A cat is always looking for a reason to be 'Put out'. Do you have that expression in America? Over here it means 'to be hurt or offended. Of course your kitties will be put out for a week or so.
I think they possibly can be bought!
Kittehs can be bought. Not a doubt about it. But only temporarily.Star, yes . . . we get put out here. Sometimes we even get out noses out of joint. (There's an old one!)
Sigh.That should be "get ouR noses out of joint."Fondly do I remember the days when I could type.
Well said Ms. Kitteh. And Bob is being introduced to the ways of felines...ah, learning all.
hahaha....do you really think the cats will share their nip...i guess under the influence anything is possible eh? heh.
You made my day!
I think "put out" is an old expression here in America...I only hear people my mother's age (78) using it anymore, but I (55) know what it means. "Noses out of joint", also.
Hope I don't offend anyone but being pissed has dual meanings. The effects of the catnip and mad because of that doggone dog.You bring out the best in us Vicki.
I don't recall hearing 'put out' recently.
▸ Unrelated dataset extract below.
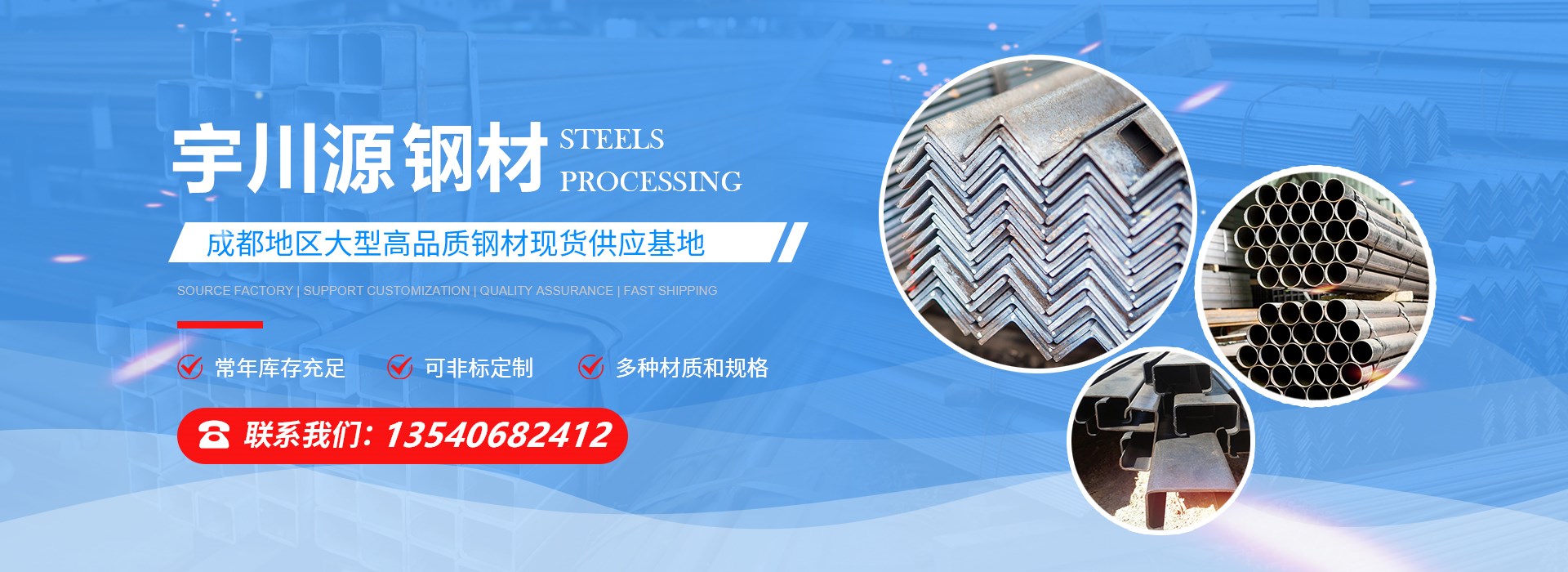 四川宇川源鋼材有限公司是一家專業從事鋼材貿易、加工、配送一體化的大型鋼鐵企業。主要經營:工字鋼10-63#、角鋼30-200#、槽鋼5-40#、焊管DN15-300、鍍鋅管DN15-300、H型鋼100-900#、螺旋管Φ2...

My grandmother used to say someone was put out by something. I tend to use nose out of joint or panties in a bunch or pissed offGood call, Jim!Bob stole a piece of nip and ate it and it seemed to make him sleepy.
Or possibly the kittehs gave it to him, hoping for that very result.
Oh, I think they can be bought...but they'll never like Bob if he steals their 'nip! I agree, Vicki, I bet the kittehs gave it to him to make him sleepy.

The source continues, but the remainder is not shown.